I don’t drink, because when I lose inhibitions, I binge eat and get sad—really sad. Amy knows I don’t drink and knows why. Did this mean she’d seen the text and figured inhibitions were in the trash anyway? That sadness was already on the horizon?
“I’d love some,” I said. I knew sadness was on the horizon.
She handed me a glass and said the kids’ dinner would be ready in a few minutes. I seized the moment and, telling her I’d take the time to give myself a tour of their house, set out in search of her phone.
I needed to delete that text.
I walked past Todd and Matthew chatting on the balcony and headed for the private wing and the master bedroom, where I immediately spotted Amy’s phone on a nightstand. I rushed over, heart racing, and woke it.
There it was, right on the home screen. My text. I could save this, I thought, praising the lord and my dead grandmother Ethel, who I’m pretty sure revers
ed a possible HPV diagnosis a few years ago and stopped me from getting hit by a truck once.
But the phone was locked. I needed the passcode. Dammit! So close and yet so far.
Knowing we love all our children equally but that there’s always a favorite, I guessed that Lily was Amy’s favorite. I tried to remember Lily’s birth date and of course failed. I remembered that she was born exactly seven weeks after Phoebe, but my brain was frying along with my body. I had five minutes, tops. I needed math. I needed memory.
I needed my husband.
“Todd?!” I called out at the top of my lungs. “Todd, you HAVE to see this bedroom! It’s insane!”
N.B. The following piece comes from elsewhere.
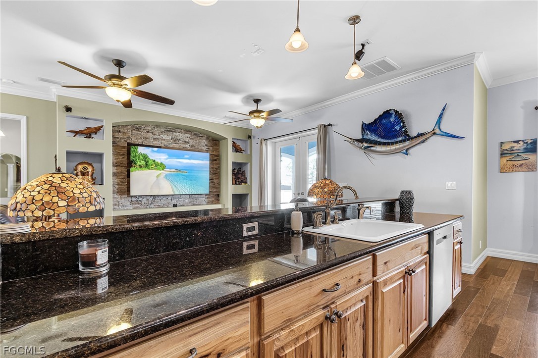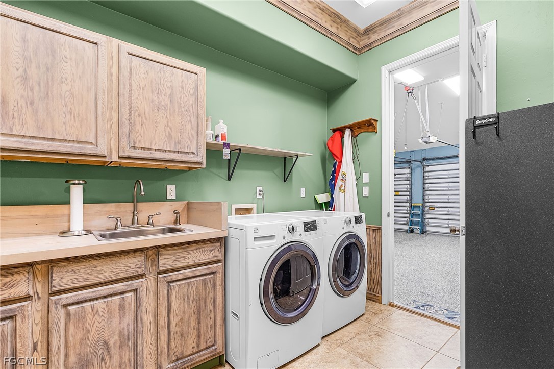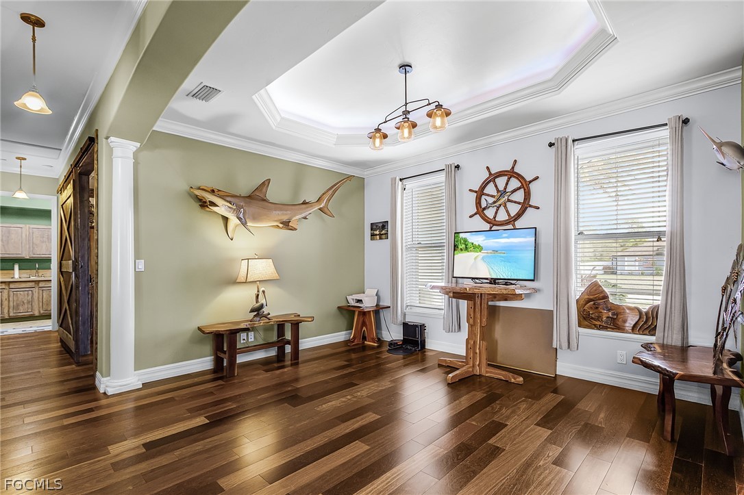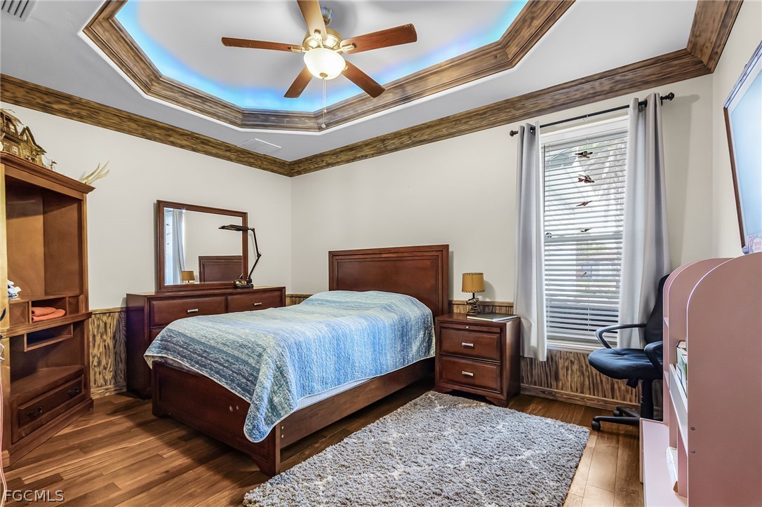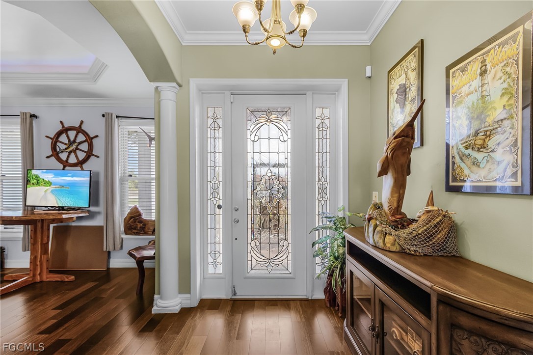 This BEAUTIFUL custom built 2008 home is on an OVERSIZE .41-acre corner lot located in quiet neighborhood in Northeast Cape Coral is a MUST SEE! If you are a mechanic or car enthusiast look NO More!! This home features a massive 1,242 sq ft, 5 PLUS car garage, with 3 bay garage doors, comes with a 8,300 lb car lift, epoxy floor, 14’ high ceilings, shop lighting, wired for whole house generator, garage refrigerator, with double exit doors to a fenced back yard. You will enjoy the SPACIOUS open SPLIT floor plan, beautiful wood floors, 8’ interior doors, tray ceilings, crown molding throughout, with impact windows and doors. The home is 1,993 sf, has 2 Bedrooms, 2 baths plus Den that is furnished and used as a bedroom. You will enjoy the BEAUTIFUL kitchen, new stainless-steel appliances, propane stove/cooktop, granite countertops, breakfast bar, and beautiful solid wood cabinets. The home has a breakfast nook off the kitchen and an open dining area off the living room, a large built-in entertainment area with display nooks, and French doors to the back lanai. The primary suite has access to the screened back lanai, 1 walk-in closet with California closet system, dual vanities, a large walk-in shower, soaking tub, linen closet, and a semi-private toilet room. The guest bath has a walk-in shower, granite countertop and a large storage closet located just outside of the bathroom door. The laundry room has cabinets with sink, gas dryer, and dryer. The home comes with an underground 1,000-gallon propane tank for the kitchen range, outdoor kitchen bar-b-que with sink, tankless hot water heater, and propane dryer. This home has a new 2024 AC system, metal roof, poured concrete walls with lap exterior siding, water treatment system, outside storage room, 6’ white vinyl privacy fence, large back yard with 2 large RV gates with plenty of room for a boat and/or RV parking, and a fire pit. The front screened porch is approximately 28’ long. The home comes furnished with living room furniture, bedroom furniture, kitchen items, and breakfast nook table. (The fish décor, wood carvings, antique diving helmet, safes are excluded.) The home comes with 3 yr old above ground jacuzzi just outside primary suite in the screened patio. Flood Zone X so no flood insurance required. Call today to book your private showing!!! See both video tours: walk-thru and 3D Interactive video!

“What are you doing?” Amy called.
“Freaking out over your room,” I shrieked, “It’s a-mazing!”
Todd appeared in the doorway. “What are you doing?” he said.
“When was Lily born?” I asked.
“I don’t know,” he answered.
“Then what’s seven weeks after Phoebe’s birthday?” I pressed him.
“When’s Phoebe’s birthday?” Todd asked.
I turned my scream of terror into a forced squeal of delight as, for Amy’s benefit, I shouted, “Isn’t this room SO nice?!” before turning back to Todd, waving the phone at him.
“There’s a code,” I said. “How do I unlock this without her code?”
“If there’s a code, there’s nothing you can do,” he replied.
I broke out in a whole new sweat. “Can’t you do something to bypass it?” I hissed. “You work in editing, Todd!”
“You’re just proving you don’t know anything about my job,” he said.
“Please do not make this about you!” I whisper-shouted.
Matthew called up that dinner was ready. Todd headed for the door, but I pulled him back by his shirt. “Where are you going?” I asked.
“To feed the kids,” he said.
I’d forgotten them. Why did they always need our help eating? Shouldn’t they have been able to feed themselves by now?